Charles Schwab & Co.’s Money Myths survey asked people, ages 30 to 79, a series of questions about financial planning, with a focus on preparing for retirement.
Although 52% of respondents indicated they were either “very” or “extremely” savvy about personal finance, many of them fell for several common financial fallacies when answering the survey.
Wills, retirement, debt and life insurance subject to misunderstanding
For example, 91% believed that having a will was the best way to ensure that their wishes would be carried out according to their intentions after their deaths. But in fact, if there is a conflict between beneficiaries named on financial accounts and persons named in the will, the designees on the financial accounts will get the money—not the people named in the will.

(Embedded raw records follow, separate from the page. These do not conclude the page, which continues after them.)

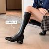 Exquisite little woman~ Korean version of temperament square head hollow thick heel side zipper large size but knee white boots women
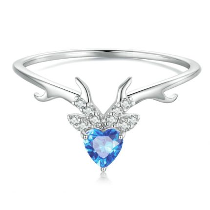 Ring aus Sterlingsilber mit S925-Weißgoldbeschichtung und blauem Herz-Hirsch-Zirkonia-Ring
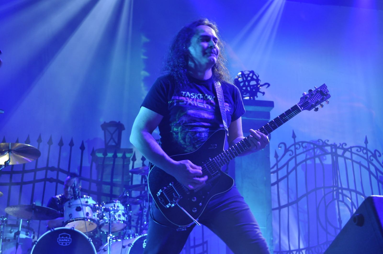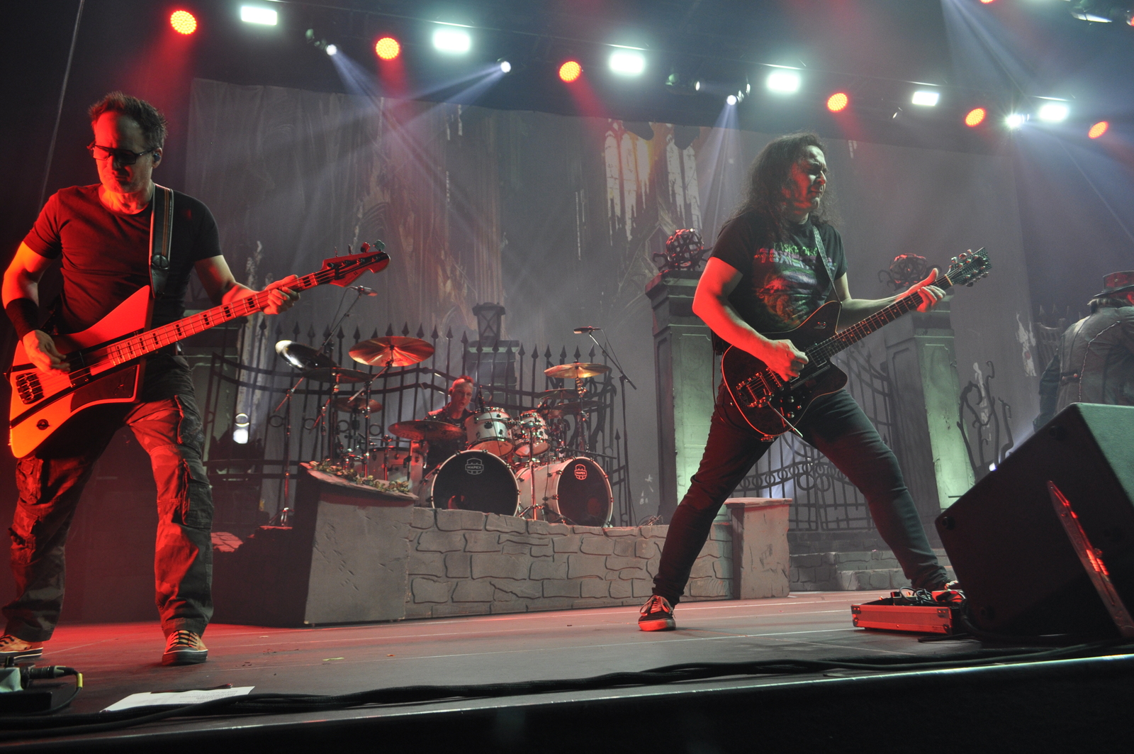 Lavadekoratsioonid olid enamjaolt küll samad, mis aasta tagasi. Taustal “raudvarrastest aialipid” ja laternatega postid. Analoogseid elemente on oma showdes varem kasutanud King Diamond ja Heaven & Hell (Black Sabbath Dioga). Suured toimuvaga haakuvad koloriitsed taustapildid vaheldusid üpris sagedasti ja mingil hetkel toimetati lavale korraks isegi troon (“et Sammet saaks vahepeal jalgu puhata”) ning hiljem klaver. Oma klaverimänguoskusi Sammet ei kiitnud, kuid publiku arvates tuli tal selle mängimine ikkagi päris hästi välja.

Eighty-eight percent believed that it is vital for folks to eliminate all debt before they retire. This is also false, as there is “good debt” and “bad debt,” and carrying good debt into retirement isn’t necessarily a problem. Good debts are things like mortgages, with low interest and tax-deductible debt. Bad debt, like high-interest credit cards, is smart to avoid whether or not you are approaching retirement.

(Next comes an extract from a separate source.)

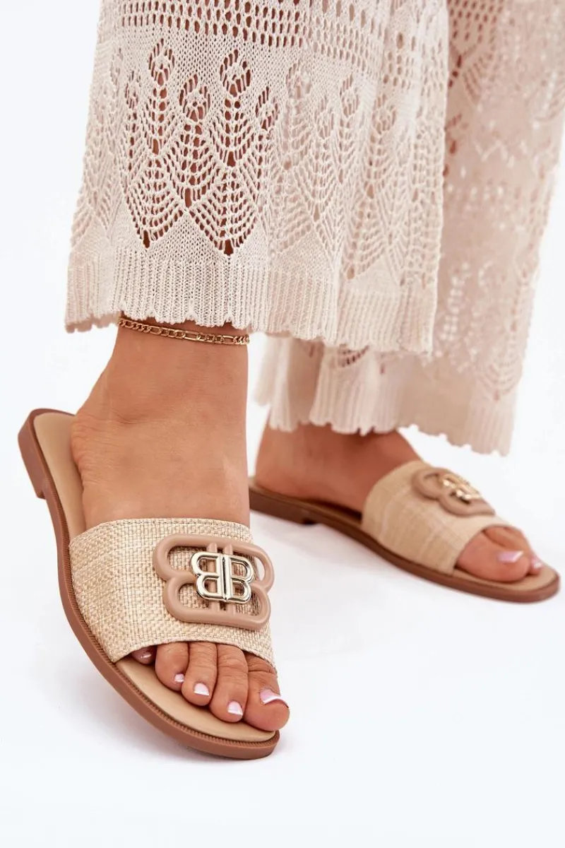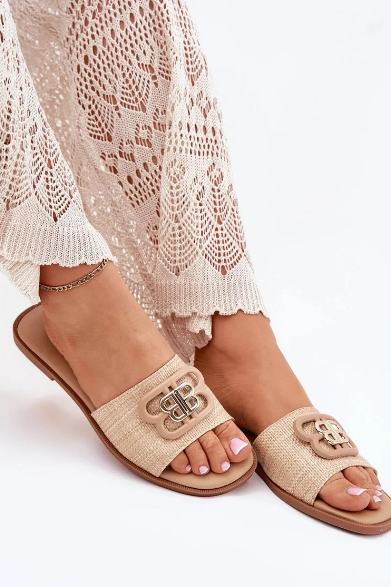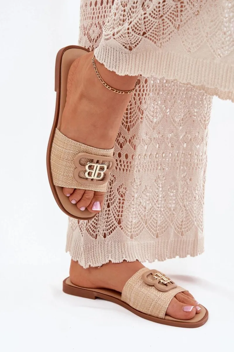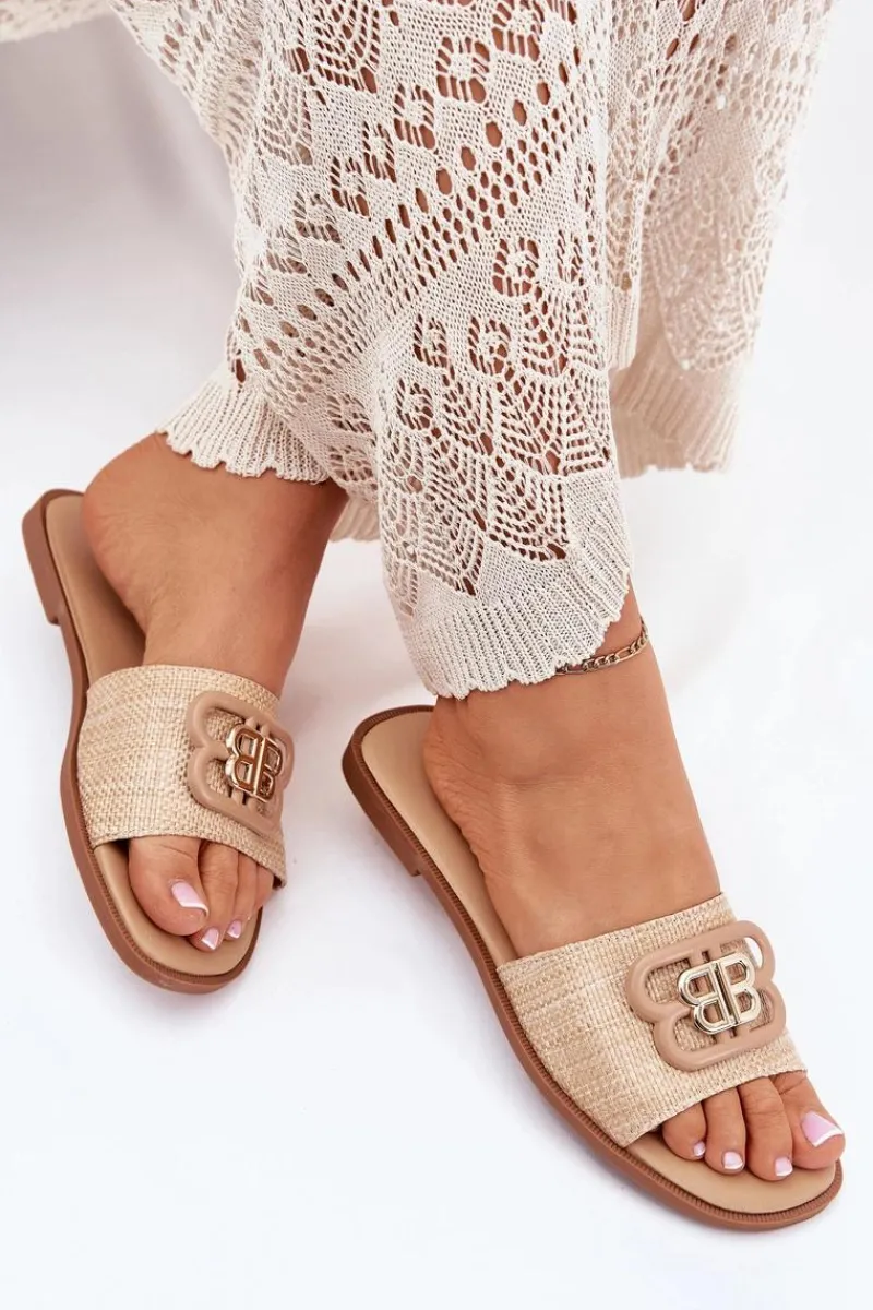 Klapki damskie na płaskim obcasie to wygodna i stylowa opcja na ciepłe dni. Na pasku znajduje się subtelny ozdobny detal, który nadaje im eleganckiego charakteru. Miękka eko skórzana wkładka zapewnia komfort przez cały dzień. Doskonałe do sukienek oraz spodni materiałowych, te klapki łączą funkcjonalność z modnym wyglądem, idealne na codzienne wyjścia. Przy wyborze rozmiaru prosimy sugerować się tabelą rozmiarów.
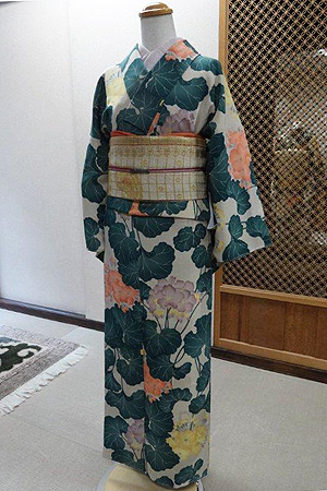 洋花は着物の文様として数多く描かれていますが、一種類のみ、しかもゼラニウム、というのはなかなか珍しいのではないでしょうか。

If cash flow proves to be a problem after retirement, 79% of people think it will be easy to pick up a part time job to supplement their income. In reality, currently only 4% of retired people are making money from a part-time job.

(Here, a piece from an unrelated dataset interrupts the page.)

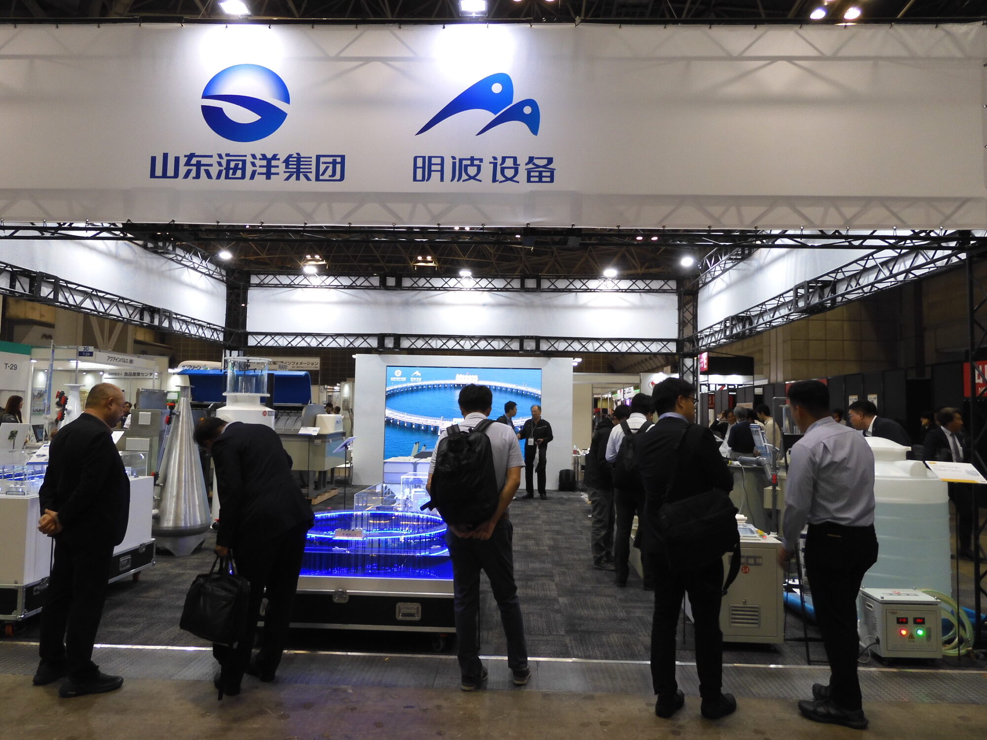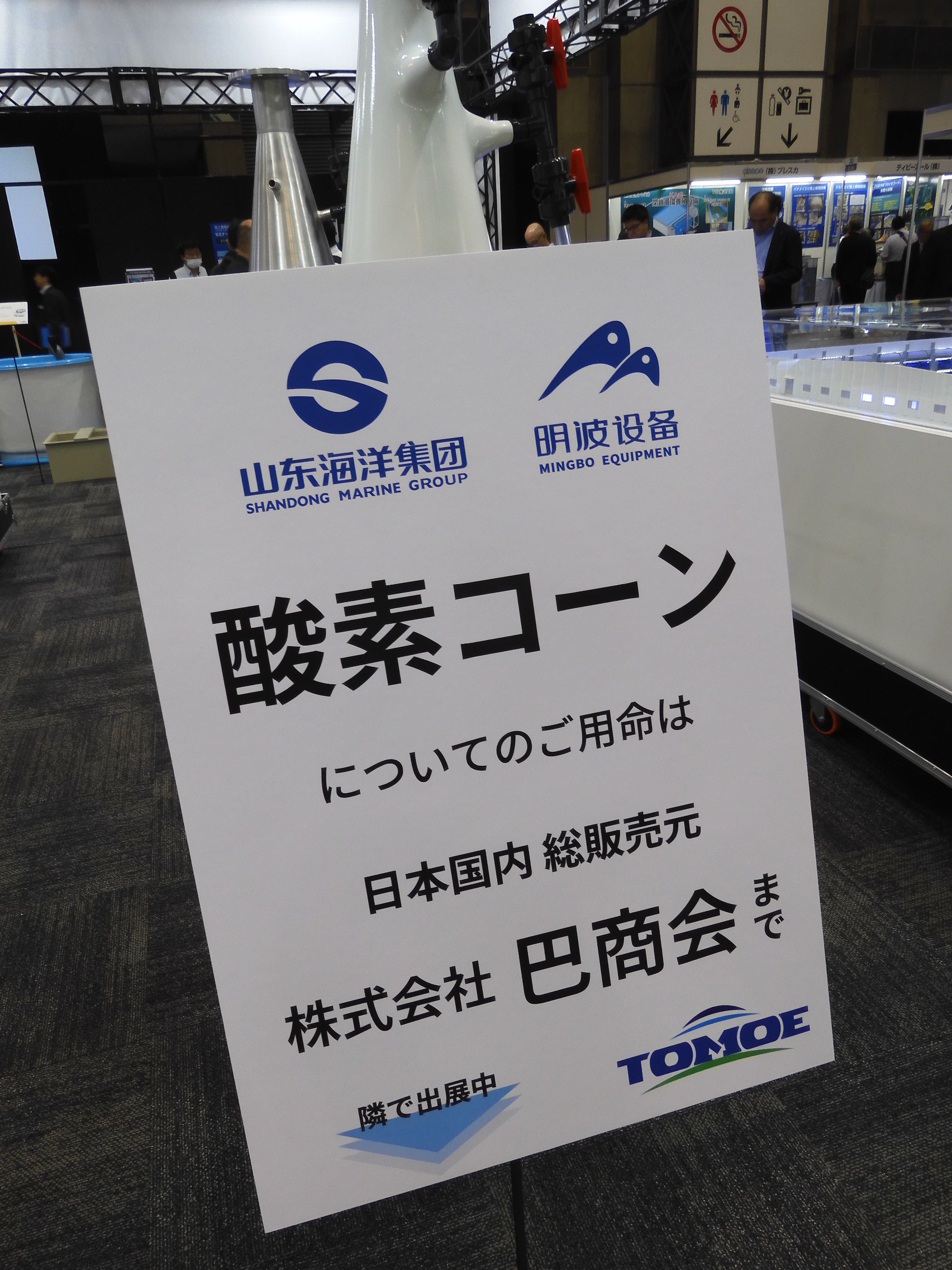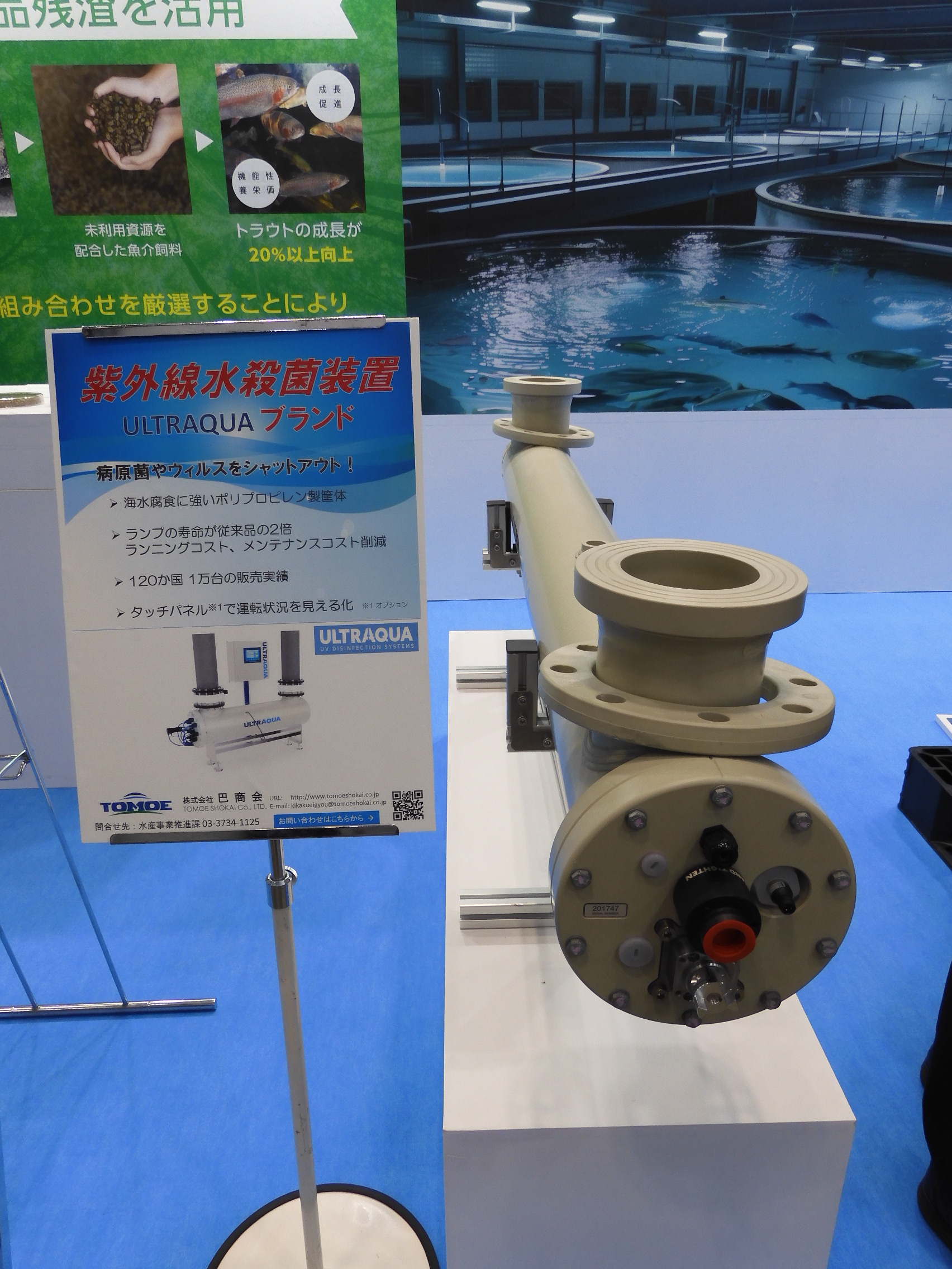 魚種・養殖環境の選定から、設備の設計・施工、魚の飼育指導や輸送・販売までをトータルでサポートする巴商会は、LGCによる酸素ガス供給装置や国内総販売元になる中国・山東明波海洋設備有限公司の酸素溶解装置「酸素コーン」MBシリーズ、東芝ライテックのUV水殺菌システム「ULTRAQUA」非腐食性PP/PEHDシリーズ、FRP円形水槽、コンパクト型機械式ろ過フィルターなどを展示した。

And 78% of respondents believed that life insurance is necessary for everyone to have, when financial planners advise that people who do not have dependents—either minor children or businesses—may not need life insurance.
Making decisions solo not the best idea
When it came to asking for input about financial decisions, about one-third of respondents said they don’t ask for anyone else’s opinion when making money decisions. And 43% thought it was preferable for only one adult per household to be the primary decision-maker about financial matters. Twenty percent of adults said that they do not need to think about money at all, since someone else in their family is in charge of finances.
More women than men said they have no say in financial decisions—13% of women as opposed to 5% of men. Carrie Schwab-Pomerantz, certified financial planner and author of The Charles Schwab Guide to Finances After Fifty, emphasized the importance of both partners having financial responsibility in a relationship. “In far too many marriages, one spouse shoulders the primary responsibility and the other spouse has minimal involvement. In the event of death or divorce, the ramifications of this can be devastating.”
The Money Myths survey was conducted online in January 2014 and included responses from 998 adults nationwide with minimum annual household incomes of $35,000.